Boy, 5, Beaten To Death By Stepdad For Losing Shoe 'failed By Probation Officers'

By 05:15 Fri, 20 Sep 2019 Comments

An inquest jury has blamed failures by probation service officers for the death of a five-year-old boy who was beaten to death by his stepfather for losing a shoe.

Marvyn Iheanacho should have been in secure accommodation but was free to murder Alex Malcolm in in November 2016.

Iheanacho, 41, has previous convictions and in 2010 he dropped an eight-month-old baby he was holding as he threatened the child's mother with a knife.

He then punched her 13-year-old son in the mouth after the boy stepped in to protect his mother.

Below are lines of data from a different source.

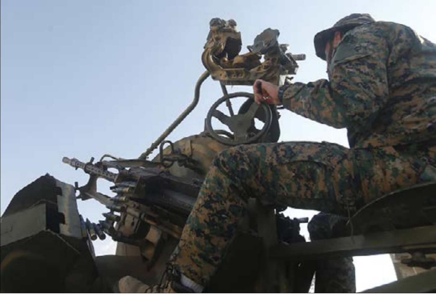
أي تطور عسكري في الجرد يحتاج إلى مواكبة سياسية من الحكومة (هيلم الموسوي)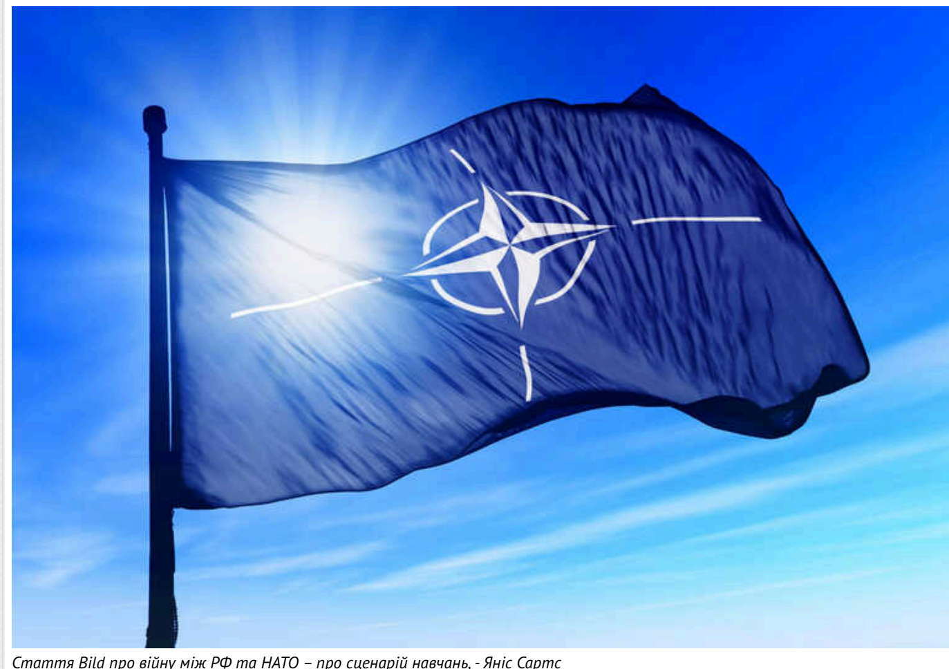
Стаття Bild про війну між РФ та НАТО – про сценарій навчань, - Яніс Сартс

Матеріал німецького тижневика Bild про те, що НАТО готується до війни з Росією, ґрунтується на документі, який є навчальним сценарієм.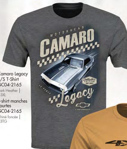
Camaro Legacy S/S T-Shirt GC04-2165 Dark Heather | S-3XL T-shirt manches courtes GC04-2165 Chiné foncée | P-3TG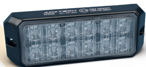
LED-Heckwarnsystem, horizontal MiniStealth MS26, Axitech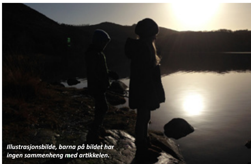
Illustrasjonsbilde, barna på bildet har ingen sammenheng med artikkelen.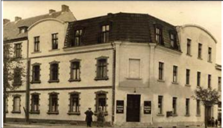
Im Wandel der Zeiten ( I ) : oben – „vorher“ ca. 1932 (Das Haus meiner Kindheit) unten - „nachher“ 1934 vgl. S.497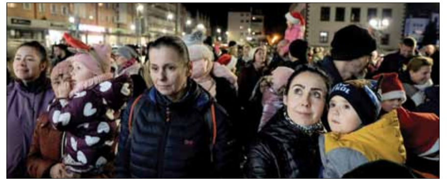
Wielu mieszkańców skorzystało z okazji i przyszło na strzeliński Rynek, aby zobaczyć moment rozświetlenia choinki

Organizatorami wydarzenia byli: Strzeliński Ośrodek Kultury i Gmina Strzelin, a w przygotowanie uroczystości i miejskiej choinki byli zaangażowani również pracownicy Centrum Usług Komunalnych i Technicznych w Strzelinie.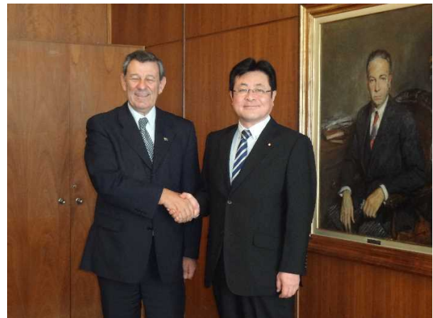
ニン・ノボア外務大臣との会談

The monster was assigned a newly qualified probation officer with minimal supervision by senior officers despite being assessed as posing a serious risk of harm to partners, members of the public, staff and children.

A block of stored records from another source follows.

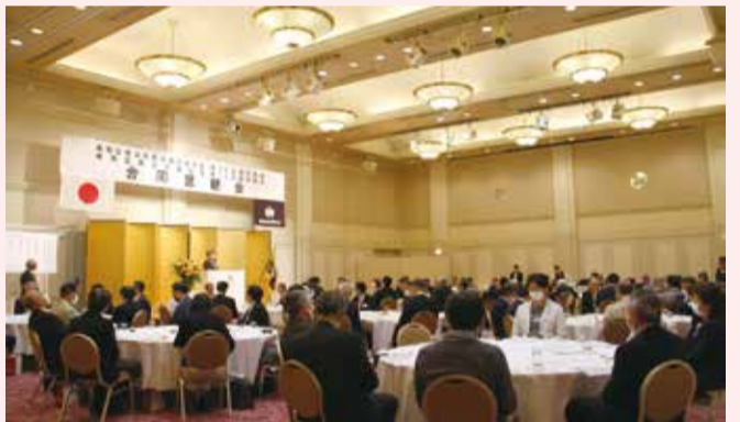
合同懇親会の様子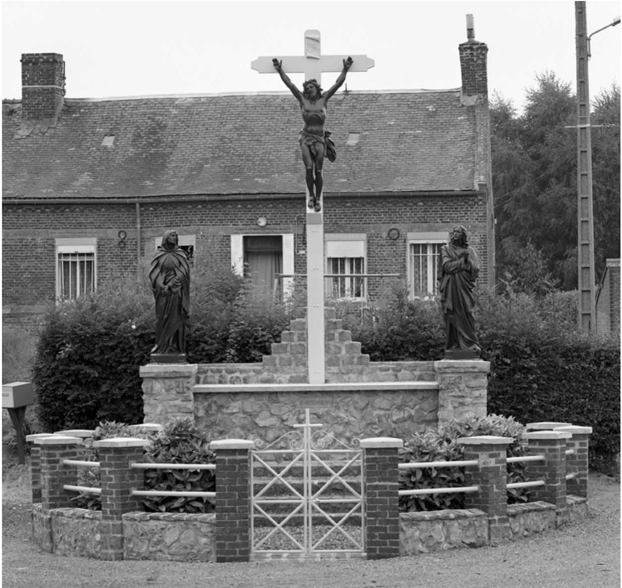
Rue de la Laiterie, rue de Bergues : calvaire composé de statues provenant de l'Union artistique de Vaucouleurs (1954).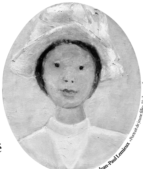
Jean-Paul Lemoine - portrait de jeune fille - Huile sur toile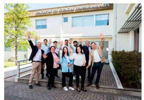
Equipo de trabajo FPpyME Ñuble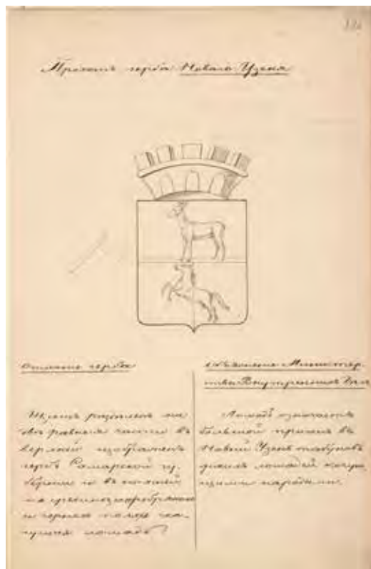
Ил. 3. Проект герба города Нового Узеня. Министерство юстиции. 1854 (?). РГИА. Ф. 1343. Оп. 15. Д. 219. Л. 22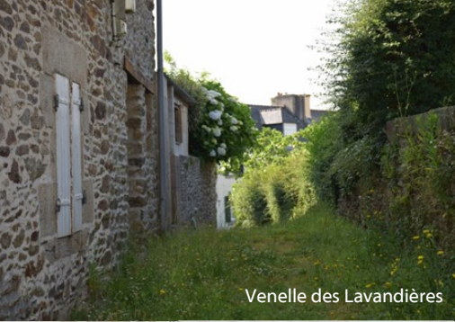
Venelle des Lavandières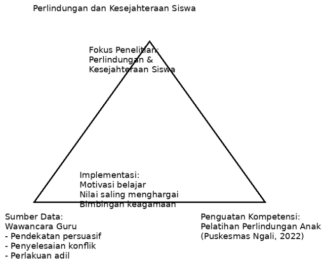
Gambar 2. Hasil Triangulasi Wawancara Guru terkait Student Well Being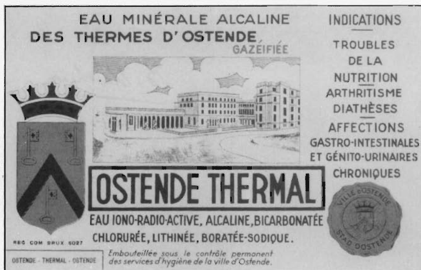
Het mooie flessenetiket met het Thermanaal Instituut er op. Het befaamde "eau d'ostende" behoort nu ook na een halve eeuw tot het verleden. Zal de bron nog eens terug werken?

Iheanacho was found guilty of murdering Alex and jailed for life with a minimum of 21 years in July 2017.

He had punched Alex repeatedly against a metal fence and then attacked his mother when she tried to call an ambulance and calmly smoked a cigarette as he denied the boy treatment for two hours.

The inquest was told there were a catalogue of failings from the child safeguarding board, the local authorities and probation services.

Jurors found his death could have been prevented but for 'a series of failures by NPS probation officers coupled with inadequate support and supervision'.

Iheanacho had six convictions for domestic violence against five previous partners and had been released from jail just five months before he murdered Alex.

His licence conditions required prior approval for him to have any unsupervised contact with children under 16 and to notify the NPS of any developing relationships.

But a probation officer told the inquest she did not investigate further when she found out he was in a relationship with Alex's mother.

Iheanacho was missing appointments and had confirmed his partner had a child but the officer still did not investigate further or initiate any social services.

The boy's mother Lilya Breha had told the inquest: "My son was my world and I'm so angry he's been taken away."

She said: "He was beautiful, smart, funny, everyone loved Alex.

"He would pick flowers for me and say they would make me look beautiful. He was smart and had so much potential."

Ms Breha said she met her son's killer while he was still in prison but did not what his convictions were.

Ms Breha added: "If I had been told (about his history of domestic abuse) there would be no point to this inquest. I want to get to the bottom of everything."

She said in a statement released after the inquest: "Alex didn't have to die for system failures to be identified and for people to start to do their jobs properly.

Alex was my heartbeat and I miss him so much.

"He should be here right now going to school, playing with his friends.

"Someone took this away from him for no reason and the systems meant to protect us did not. I now hope changes will be made."

Iheanacho was convicted of the murder and given 18 years by Judge Mark Dennis, after a trial at Woolwich Crown Court, in July 2017 - later increased to 21 years by the Court of Appeal.